Pristina’s Municipal Assembly is to hand five hectares of prime real estate to the US for a new embassy building, according to an agreement signed between the two parties on Wednesday.
The city decided to give this land to the US government as a sign of gratitude for the country’s contribution to Kosovo’s statehood. The US ambassador, Tina Kaidanow, said construction of the embassy might not start until 2013.
“The land is property of the Pristina assembly and will be given for free to the US embassy,” the municipal spokesperson, Muhamet Gashi, told Balkan Insight.
Dragodan, also known as Arberia, is considered the elite neighbourhood of Pristina, and is home to most embassies, diplomatic missions and ambassadors’ residences. Gashi refused to put a value on the land. “We didn’t make these calculations,” he said.
According to Agron Beka, owner of Imobilije Real Estate Agency in Prishtina, the minimum price for 10 square metres of land in Dragodan would be €30,000. This would put a €15 million price tag on the five hectares of land, equivalent to five football pitches.

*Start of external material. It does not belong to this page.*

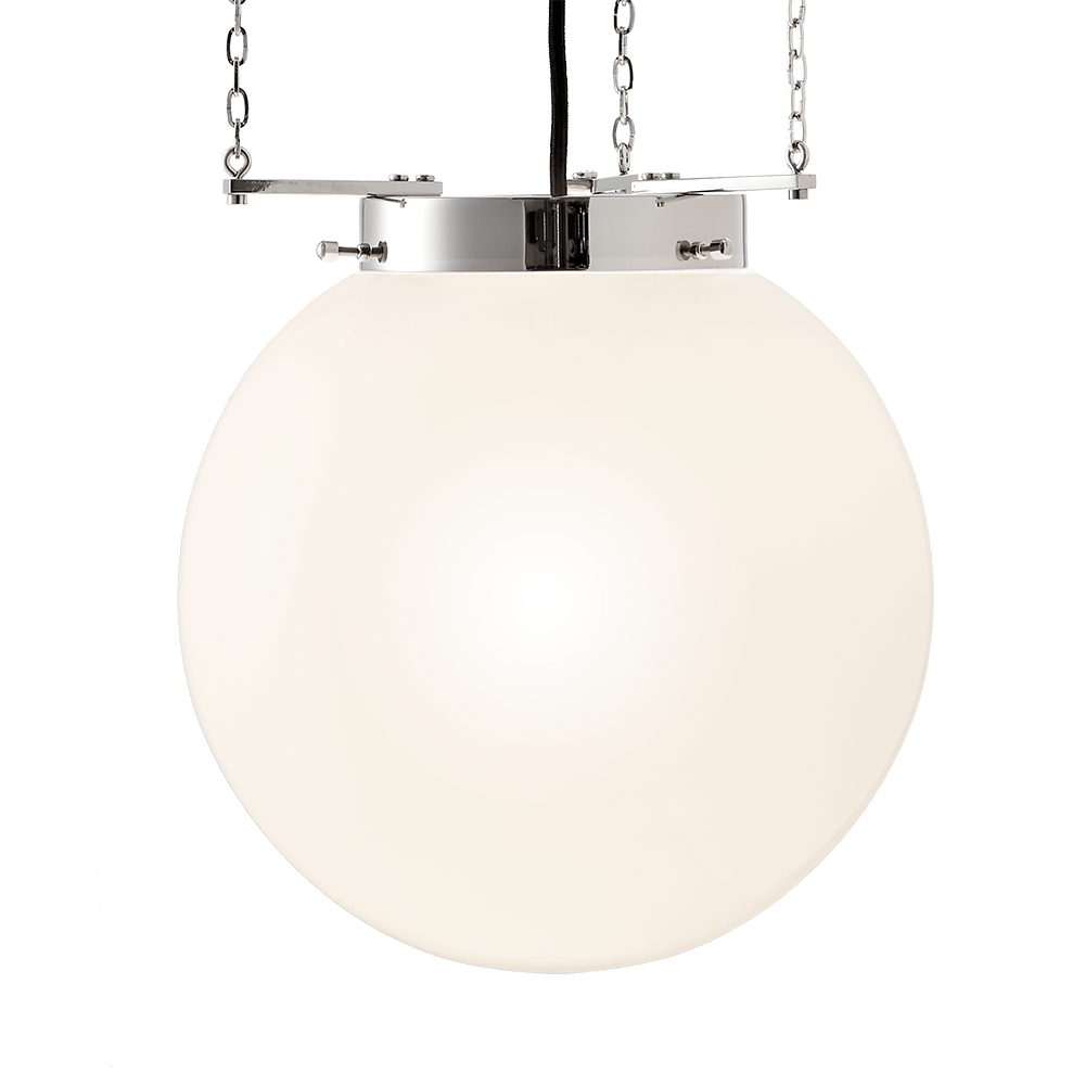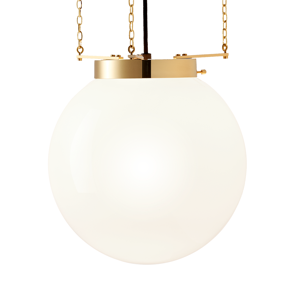 When this lamp was designed by Marianne Brandt back in 1928, it proved so popular that it was approved for mass production. This classically unassuming Bauhaus lamp is available in four sizes. We also offer an alternative model with a mount and chain made of polished and varnished brass.
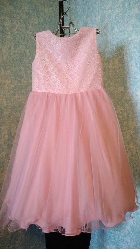 Сукня солодкого рожевого кольору на маленьку принцесу зростом 104-116 сантиметрів, в міру пишна, від плеча до низу 75 см, зовні мереживо додає ніжності, а в середині бавовняна підкладка для приємного дотику.

When questioned about the value of the land, Gashi added: “I don’t want to enter into debates. This was a unanimous decision of 51 deputies for a friend country such as the US is.”
The US has been given the land on a 99-year lease. The US opened a diplomatic office in Pristina in 1996. This was renamed the US Office to Pristina in 1999, following the end of conflict between NATO and Serbia.
Last year, following Kosovo’s declaration of independence, the office became an embassy. The current US embassy is also located in the Dragodan neighbourhood.